I am new to working with huge data sets in R. So I appreciate any help I have 20 years of data, and for each year three .csv files, each file size is about 3 GB I tried function list.files() to store the names of files in a vector and now I know theoretically I need to loop along this vector to read the files and generate integrals one by one and also combine the files. But i don't know how I can loop along and combine my data sets or run different models!!!! Constantly i get error "Error: cannot allocate vector of size 3.4 Gb" or "Memory is exhausted, reached the limit"!!!!!!! I would be thankful if anybody could guide me. Best regards Sara
CodePudding user response:
you should make sure that your computer has enough RAM memory and storage to work with this amount of data. fread() is a very useful function to wrangle data fastly. Try it : https://www.rdocumentation.org/packages/data.table/versions/1.14.2/topics/fread.
If that doesn't work, then try spark. It's very fast, convenient and simple. You don't need to know it, just check this cheat sheet (https://ugoproto.github.io/ugo_r_doc/pdf/sparklyr.pdf). Best of luck!
CodePudding user response:
I'd suggest to do it with data.table.
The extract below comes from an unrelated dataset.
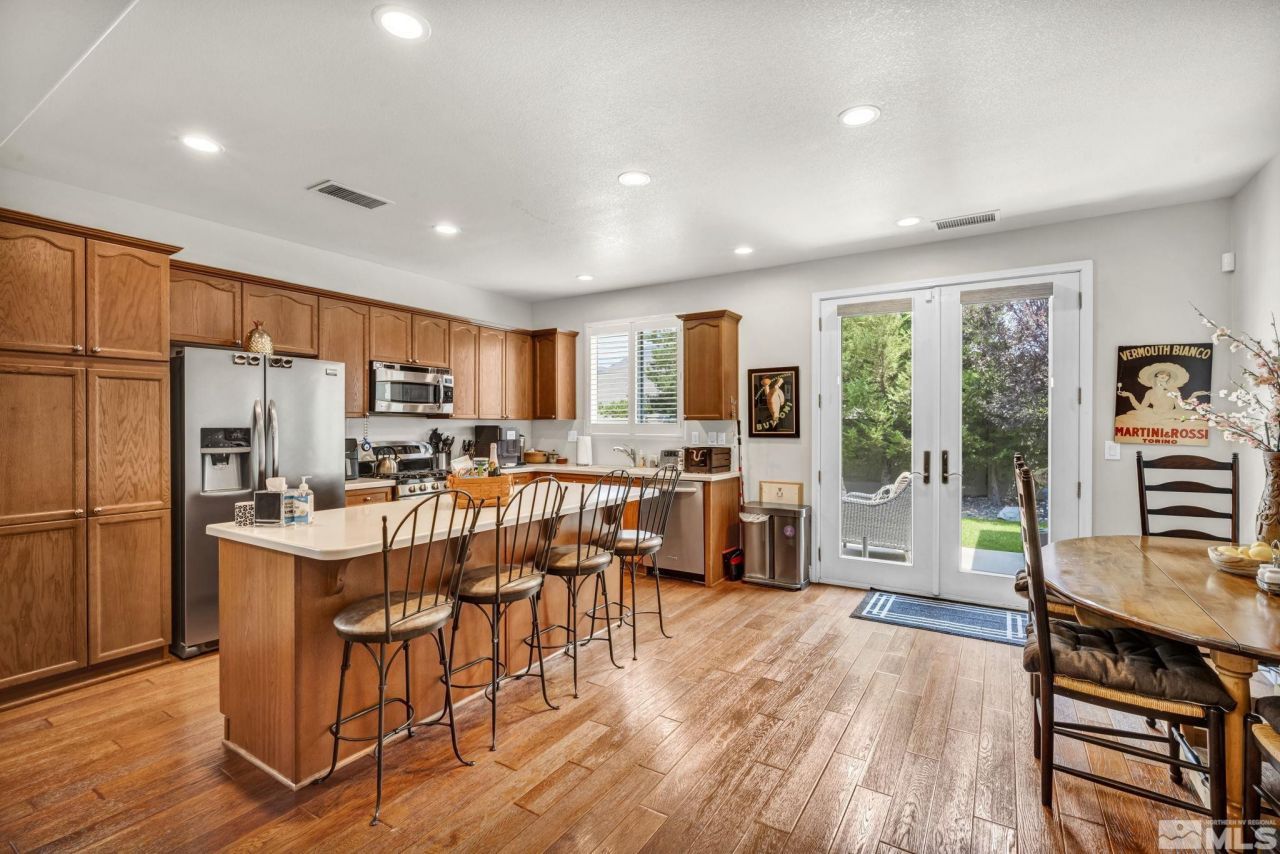 This elegantly FULLY FURNISHED home welcomes you with rich wood finishes, an open room concept, gourmet kitchen, separate dining area, reclining couches, and TV's throughout the home. Includes a separate office and the primary bedroom is located on the main floor for easy access. You'll enjoy relaxing by the fireplace or firing up the BBQ and entertaining guests on the huge patio. Easy access to shopping and South Reno's main arterial roads makes access to town a breeze. Must see to truly appreciate!

This is faster and more efficient in terms of memory than most other packages.
Here some links:
- data.table vs data.frame
- benchmark which compares different ways of handling large datasets
- data.table reference/description
In your case you could try something like:
library(data.table)
files = list.files("your_path")
df_final = data.table()
for (file in files) {
df_temp = fread(file)
### do all the mathematics you need, here just an example
df_temp[, Sum:=sum(last_bill, na.rm=TRUE), by=c("Product", "Year")]
df_final = rbind(df_final, df_temp)
}
rm(df_temp)